BEGIN Entries shown
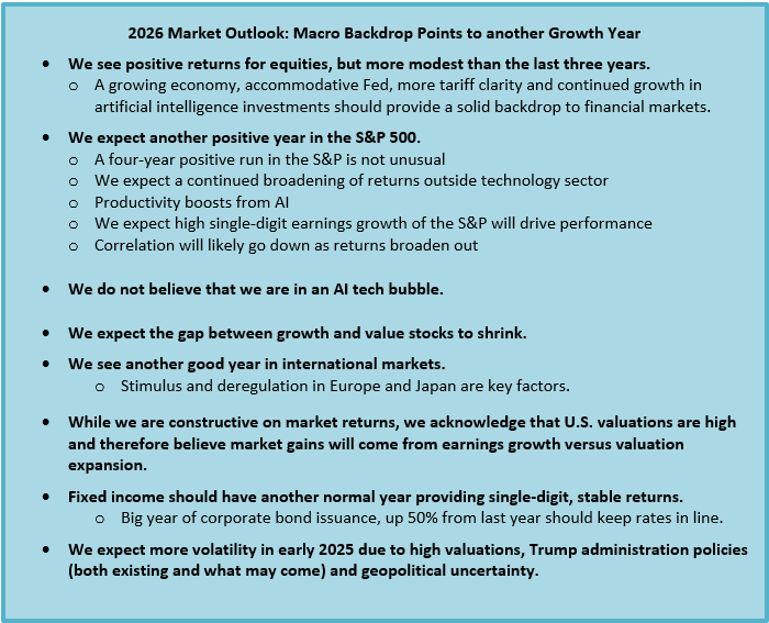 We also expect more volatility given market valuations. Unexpected events could create gyrations during the year, much like the tariff announcement did in 2025.
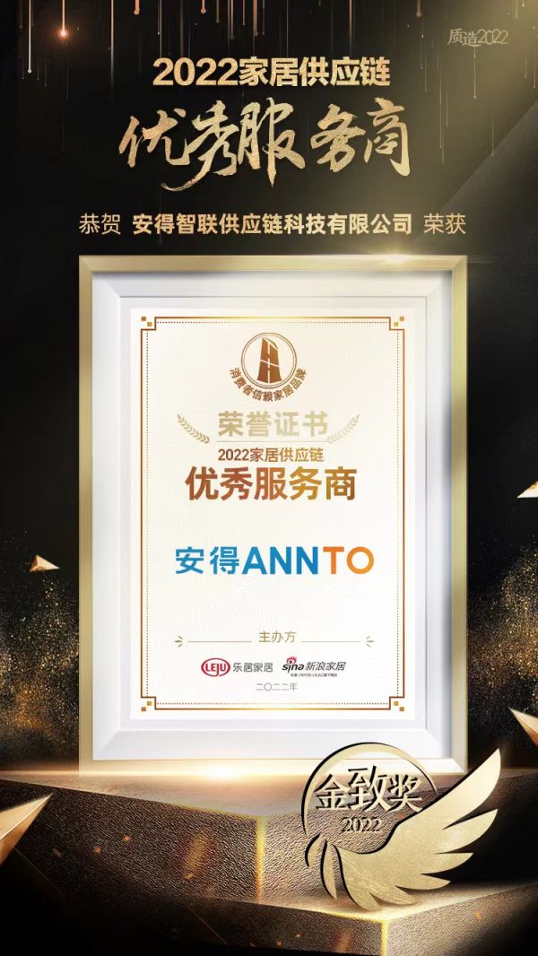近日,由乐居家居主办,新浪家居承办,家页、家居质量研究院联合主办;全国工商联家具装饰业商会、中国建筑材料流通协会共同指导支持的家居行业金致奖评选活动正式落下帷幕。“金致奖”旨在基于国家政策、市场趋势对家居行业年度优秀人物、优质品牌及产品服务树立行业标杆,鼓励家居产业链上的企业以技术创新及品牌升级为原动力,不断提升品牌力、产品力、经营力,鼓励家居人不断发扬专业及匠心精神,推动行业健康、可持续的高速发展。凭借在供应链领域的家居解决方案,安得智联荣获金致奖-2022家居供应链优秀服务商。
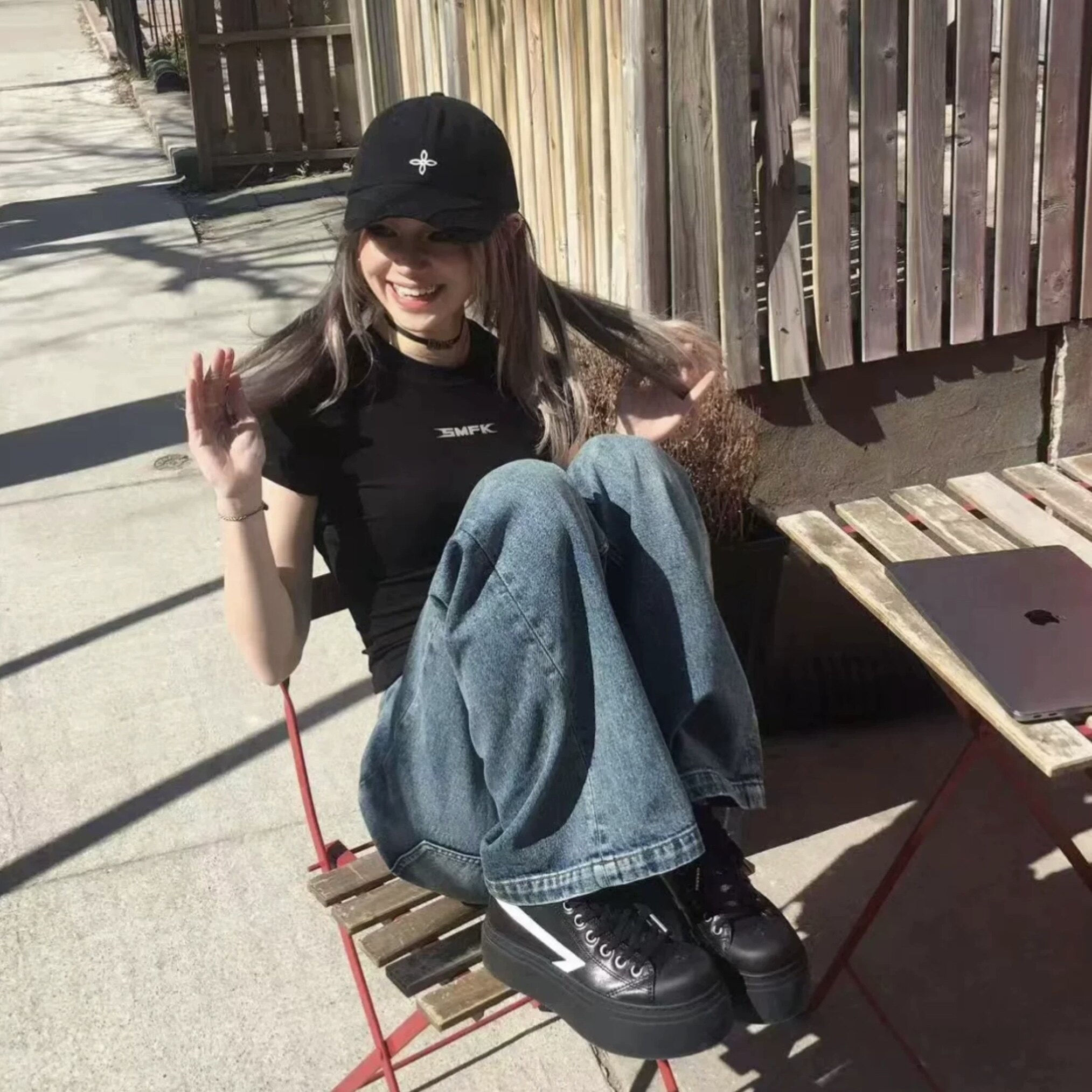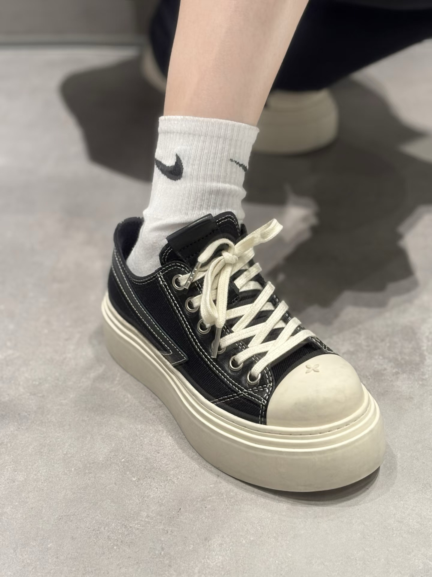 25Sxsmfk New Women's Thick-Soled Retro Height-Increasing Distressed Shoes with Cross Pattern and Star Pattern, Casual Versatile Canvas Shoes
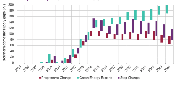 The upshot is that if significant new supplies are not brought online, supply gaps emerge in southern regions in 2028, and get worse in the 2030s. By 2035 the gap is forecast to be between 100 PJ/year and 140 PJ/year, depending on the scenario.
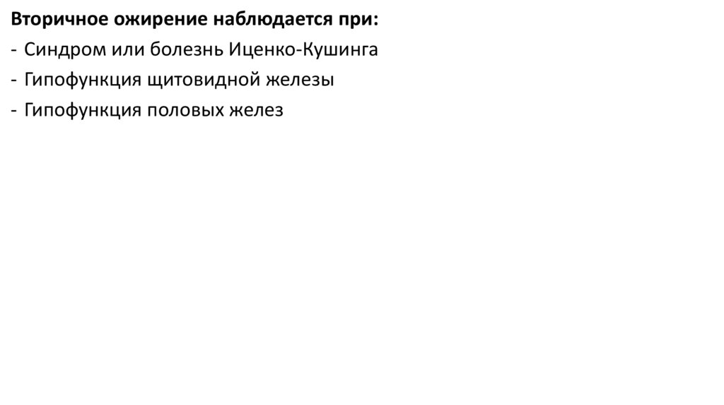 Вторичное ожирение наблюдается при:- Синдром или болезнь Иценко-Кушинга
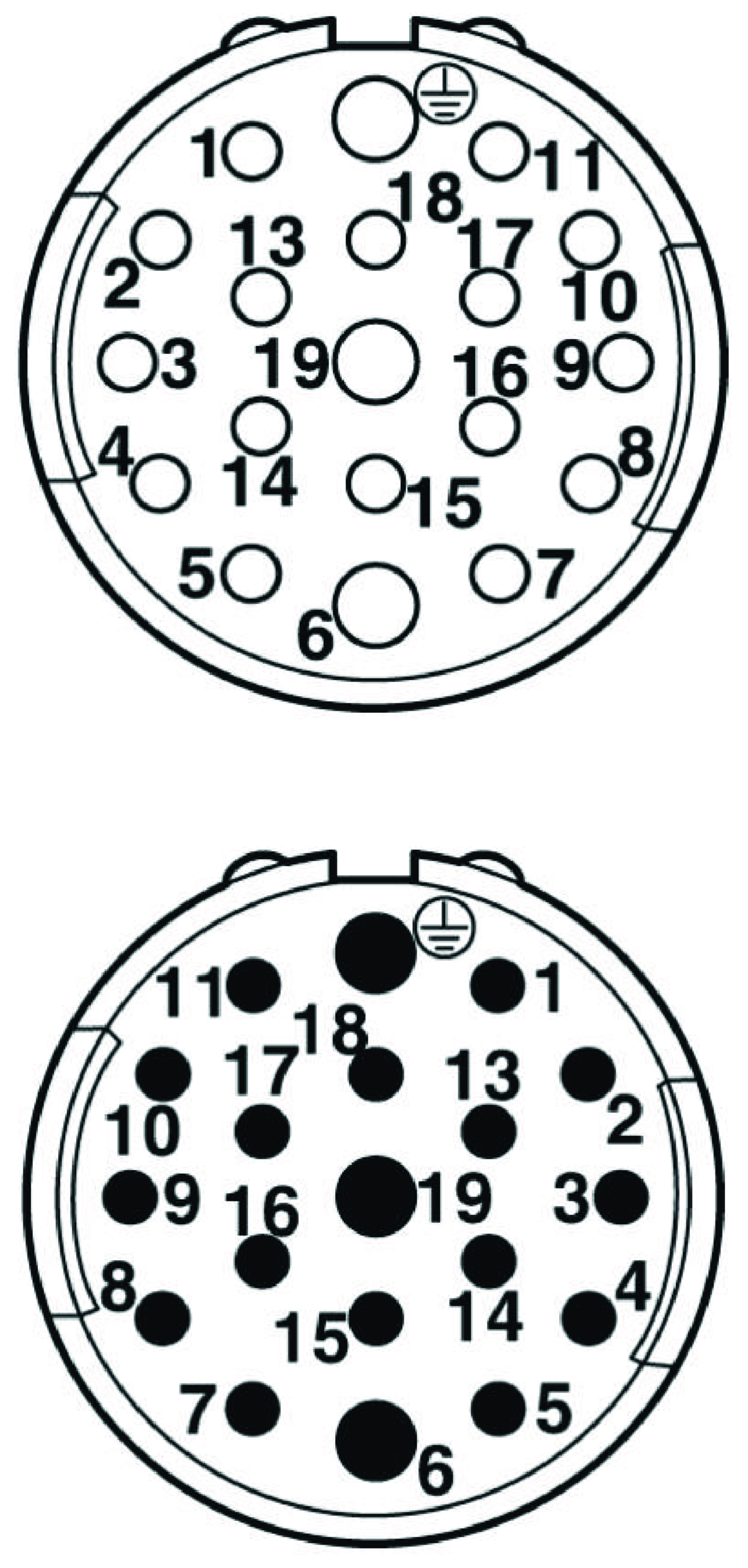 | 2 | Zástrčka s dutinkami a převlečnou maticí, M23, 19pól. |
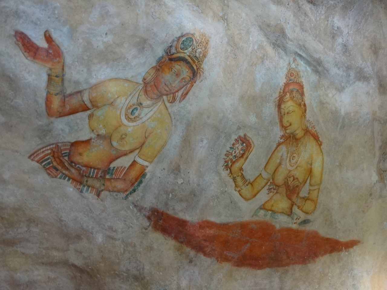 スリランカの乾季、1月に世界遺産シギリヤ・ロックを訪れた。密林の中にすくっとそそりたつ大岩。その岩の頂上の平になった部分に、かつて都があった。岩の中腹、あらゆる場所に彩色豊かになフレスコ画の美人が描かれていたそうです。今は18体を残すのみ。
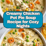 This comforting Chicken Pot Pie Soup combines the hearty flavors of classic chicken pot pie in a warm, creamy, and easy-to-make soup. Featuring tender shredded chicken, carrots, celery, potatoes, peas, and corn in a savory broth thickened with flour and enriched with cream, it’s a perfect meal for chilly days or anytime you crave a cozy bowl of soup.
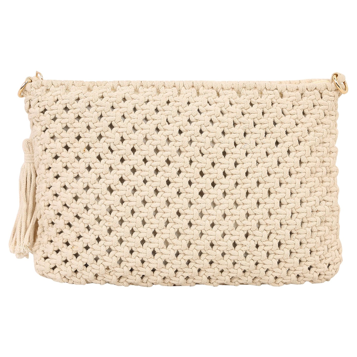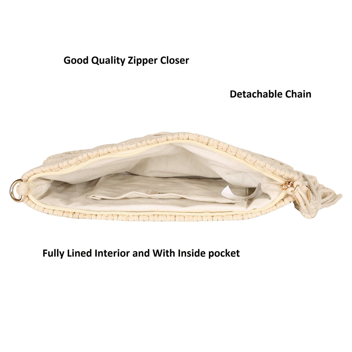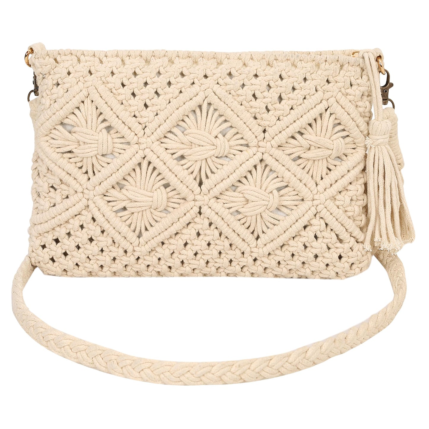 The Trend Overseas Handwoven Crochet Craft Women/Girl Ivory (Off-White) Macrame Bag is a must-have accessory for any fashion-conscious individual. Made of 100% natural cotton ropes, this bag offers a soft and lightweight feel. The handwoven crochet craft gives it a unique and trendy look, making it a standout piece. Size(L*W): 10x7 Inch; Shoulder strap?s drop: 22 Inch?it's detachable and unadjustable, but you can tie it if you feel long.Capacity: The zippered design of this boho bag purse securely stores essentials, enough to hold cash, keys, smart phone, sunglasses, small mirror and more.
END Entries shown
■ Requirement ■
Up to and including the line with "スリランカの乾季、1月に世界", copy the data above from its first line. Skip pictures.

■ Output for this exercise ■
 We also expect more volatility given market valuations. Unexpected events could create gyrations during the year, much like the tariff announcement did in 2025.
近日,由乐居家居主办,新浪家居承办,家页、家居质量研究院联合主办;全国工商联家具装饰业商会、中国建筑材料流通协会共同指导支持的家居行业金致奖评选活动正式落下帷幕。“金致奖”旨在基于国家政策、市场趋势对家居行业年度优秀人物、优质品牌及产品服务树立行业标杆,鼓励家居产业链上的企业以技术创新及品牌升级为原动力,不断提升品牌力、产品力、经营力,鼓励家居人不断发扬专业及匠心精神,推动行业健康、可持续的高速发展。凭借在供应链领域的家居解决方案,安得智联荣获金致奖-2022家居供应链优秀服务商。
 25Sxsmfk New Women's Thick-Soled Retro Height-Increasing Distressed Shoes with Cross Pattern and Star Pattern, Casual Versatile Canvas Shoes
 The upshot is that if significant new supplies are not brought online, supply gaps emerge in southern regions in 2028, and get worse in the 2030s. By 2035 the gap is forecast to be between 100 PJ/year and 140 PJ/year, depending on the scenario.
 Вторичное ожирение наблюдается при:- Синдром или болезнь Иценко-Кушинга
 | 2 | Zástrčka s dutinkami a převlečnou maticí, M23, 19pól. |
 スリランカの乾季、1月に世界遺産シギリヤ・ロックを訪れた。密林の中にすくっとそそりたつ大岩。その岩の頂上の平になった部分に、かつて都があった。岩の中腹、あらゆる場所に彩色豊かになフレスコ画の美人が描かれていたそうです。今は18体を残すのみ。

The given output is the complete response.